Bone Marrow Collection and Examination
What is bone marrow and why is it important?
Bone marrow is the soft material found in the central core of many bones. Bone marrow is vitally important for the production of blood cells, specifically red blood cells, white blood cells, and platelets.
A healthy bone marrow is essential for life.
Why is bone marrow collected and examined?
Bone marrow is commonly collected and examined when abnormalities are found in the circulating blood. The most common abnormality is a persistent shortage of one of the blood cell types. This is a serious situation and may be due to a problem in the bone marrow. Examination of marrow can often provide information about the underlying cause, and may help to predict the outcome.
Bone marrow is also collected and examined to look for certain types of cancer. Some cancers start right in the cells of the bone marrow and other cancers spread to the bone marrow from elsewhere in the body. Cancer that starts in the bone marrow is sometimes called leukemia. Examination of the bone marrow helps to identify the cancer and reveals how seriously the marrow is affected.
"Bone marrow is commonly collected and examined when abnormalities
are found in the circulating blood."
Occasionally, bone marrow is collected and examined to investigate other problems such as persistent fever, unexplained weight loss, high blood calcium levels (see handout "Hypercalcemia"), and high serum protein level (see handout "Serum Protein Electrophoresis").

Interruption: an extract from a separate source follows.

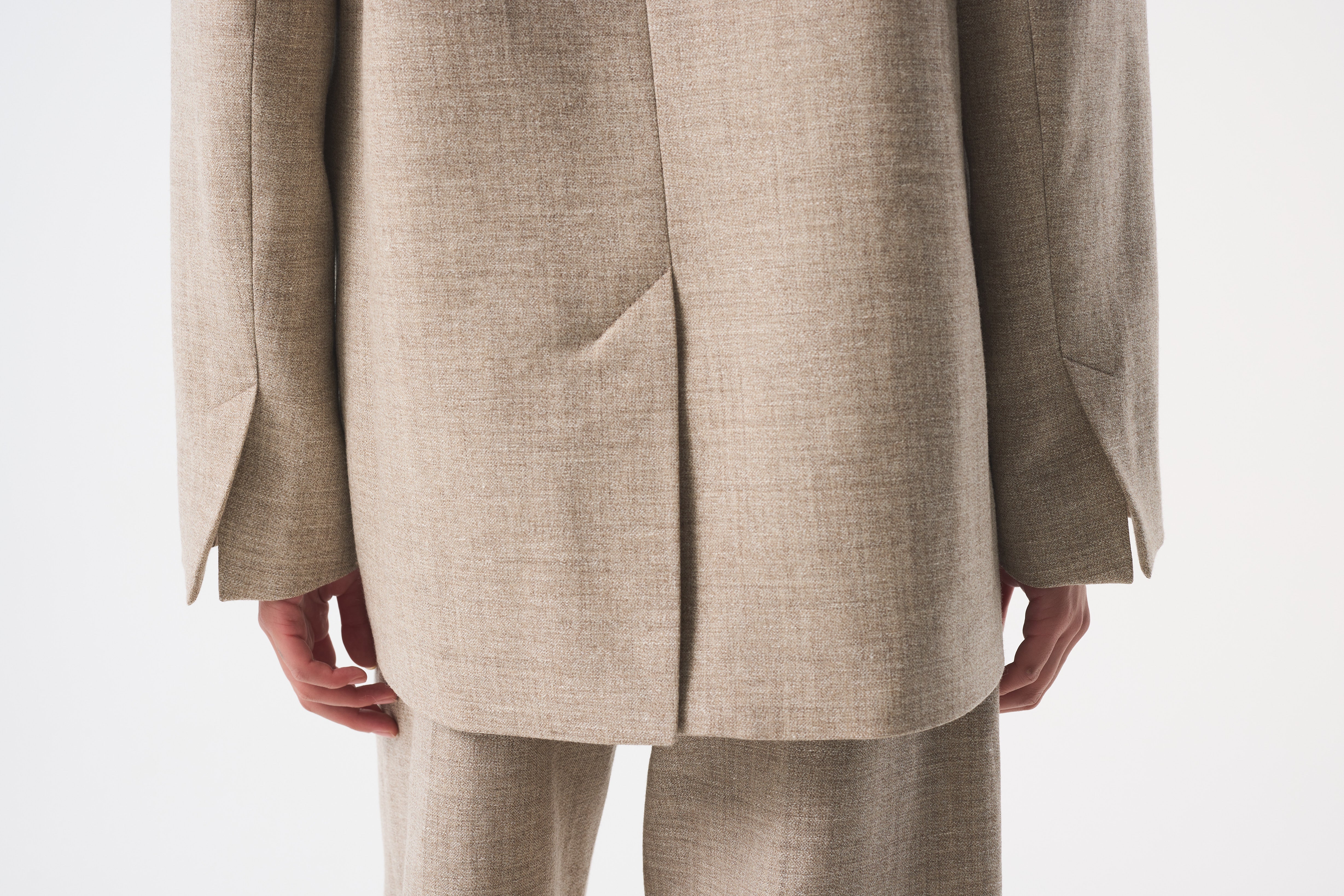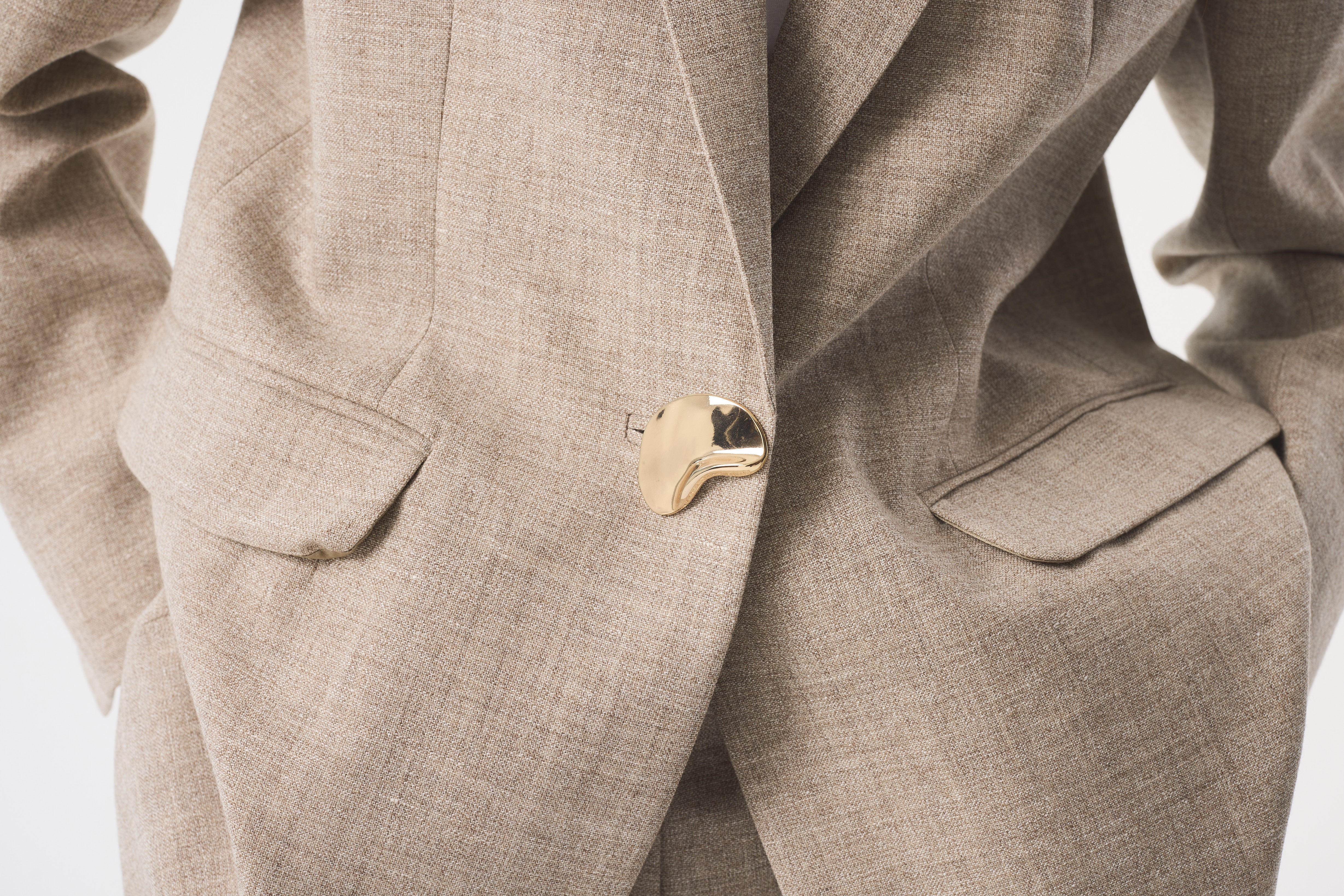 Noor is our signature jacket, cut from a considered blend of undyed European flax linen and responsibly-sourced wool in a soft, natural grey. Both fibres are left in their raw, untouched state– celebrating the beauty of nature’s original palette. Finished with our distinctive gold kidney button and designed with a relaxed, slightly oversized silhouette for modern ease.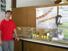 No estande da Unipampa estão sendo apresentadas as informações Institucionais através de slides e pôsteres. Estão expostos os animais da linha pet (canários, diamantes de gould, manon do Japão e canários, coelho e minhocas vermelhas da Califórnia) criados pelo professor Berilo Brum.

Can marrow be collected from any bone?
Although many bones contain marrow, samples are collected from three main sites in cats and dogs. These are:
- the hip bone
- the top of the thigh bone
- the forearm below the shoulder. This site is used especially in young animals and small sized pets such as cats and toy breed dogs.
How is a bone marrow sample collected?
1. The procedure can be done with just local freezing, but sedation or light general anesthesia is typically used to reduce a pet’s stress or discomfort. The actual collection procedure includes the following steps:
- The skin is shaved, cleaned, and disinfected.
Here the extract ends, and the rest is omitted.